I think the older AI users are even held back because they might be doing things that are not neccessary any more, like explaining basic things, like please don't bring in random dependencies but prefer the ones that are there already, or the classic think really strongly and make a plan, or try to use a prestigious register of the language in attempts to make it think harder.
Nowadays I just paste a test, build, or linter error message into the chat and the clanker knows immediately what to do, where it originated, and looks into causes. Often times I come back to the chat and see a working explanation together with a fix.
Before I had to actually explain why I want it to change some implementation in some direction, otherwise it would refuse no I won't do that because abc. Nowadays I can just pass the raw instruction "please move this into its own function", etc, and it follows.
So yeah, a lot of these skills become outdated very quickly, the technology is changing so fast, and one needs to constantly revisit if what one had to do a couple of months earlier is still required, whether there's still the limits of the technology precisely there or further out.
I still see people doing "you are a world class distributed systems engineer" think. Never fails me to chuckle.

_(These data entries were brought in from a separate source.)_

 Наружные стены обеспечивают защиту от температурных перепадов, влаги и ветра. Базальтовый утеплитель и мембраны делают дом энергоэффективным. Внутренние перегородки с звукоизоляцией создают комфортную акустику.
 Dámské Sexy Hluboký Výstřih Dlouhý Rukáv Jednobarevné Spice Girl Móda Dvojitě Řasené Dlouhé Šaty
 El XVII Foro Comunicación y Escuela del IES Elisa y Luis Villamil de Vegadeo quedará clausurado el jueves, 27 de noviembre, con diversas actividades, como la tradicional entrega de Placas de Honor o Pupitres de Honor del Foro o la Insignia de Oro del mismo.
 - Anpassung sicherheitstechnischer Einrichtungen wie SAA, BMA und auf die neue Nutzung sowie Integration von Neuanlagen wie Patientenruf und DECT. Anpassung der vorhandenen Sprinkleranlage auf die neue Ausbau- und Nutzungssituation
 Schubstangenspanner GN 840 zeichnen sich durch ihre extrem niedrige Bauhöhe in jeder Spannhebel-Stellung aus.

> I think the older AI users are even held back because they might be doing things that are not neccessary any more
As the same age as Linus Torvalds, I'd say that it can be the opposite.

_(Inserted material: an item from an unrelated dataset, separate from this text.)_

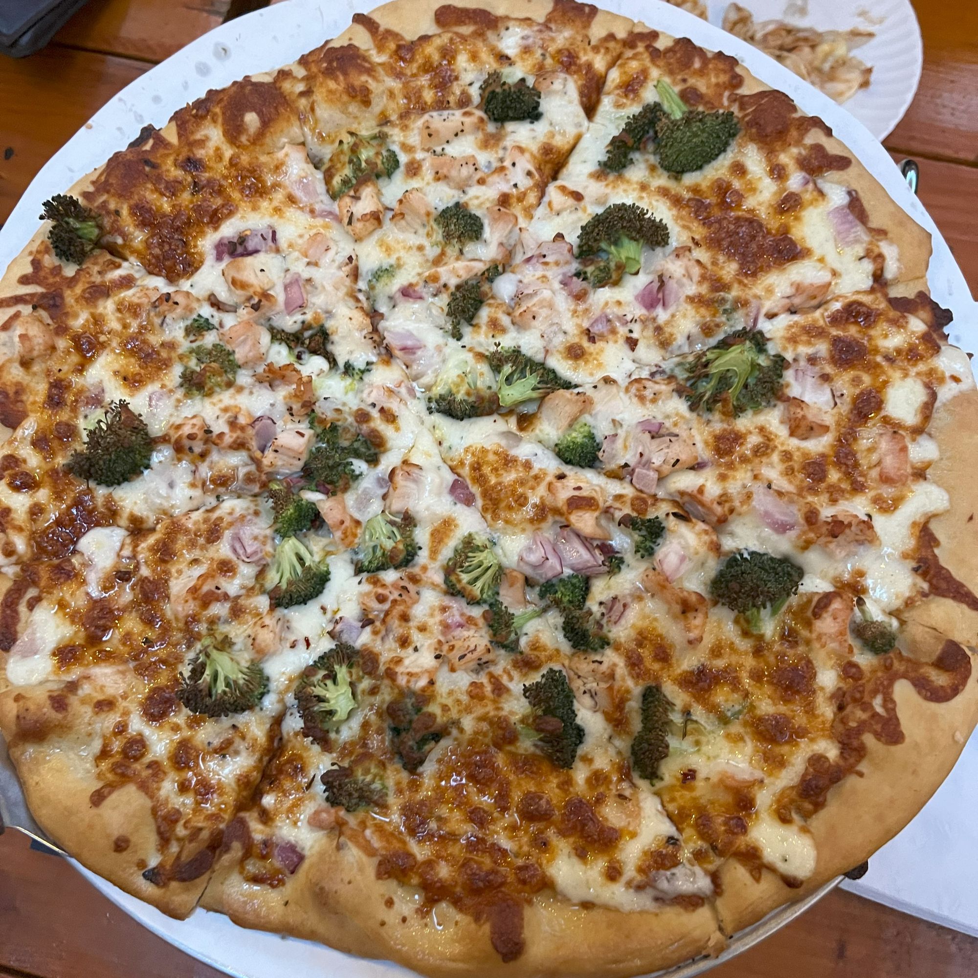 Toppings: chicken, Broccoli, Onion, Red Pepper Flakes with our creamy Garlic Alfredo Sauce

We are so used to "leaky abstractions", that we have just accepted this as another imperfect new tech stack.
Unlike less experienced developers, we know that you have to learn a bit about the underlying layers to use the high level abstraction layer effectively.
What is going on under the hood? What was the sequence of events which caused my inputs to give these outputs / error messages?
Once you learn enough of how the underlying layers work, you'll get far fewer errors because you'll subconciously avoid them. Meanwhile, people with a "I only work at the high-level"-mindset keeps trying to feed the high-level layer different inputs more or less at random.
For LLMs, it's certainly a challenge.
The basic low level LLM architecture is very simple. You can write a naive LLM core inference engine in a few hundred lines of code.
But that is like writing a logic gate simulator and feeding it a huge CPU gate list + many GBs of kernel+rootfs disk images. It doesn't tell you how the thing actually behaves.
So you move up the layers. Often you can't get hard data on how they really work. Instead you rely on empirical and anecdotal data.
But you still form a mental image of what the rough layers are, and what you can expect in their behavior given different inputs.
For LLMs, a critical piece is the context window. It has to be understood and managed to get good results. Make sure it's fed with the right amount of the right data, and you get much better results.
> Nowadays I just paste a test, build, or linter error message into the chat and the clanker knows immediately what to do
That's exactly the right thing to do given the right circumstances.
But if you're doing a big refactoring across a huge code base, you won't get the same good results. You'll need to understand the context window and how your tools/framework feeds it with data for your subagents.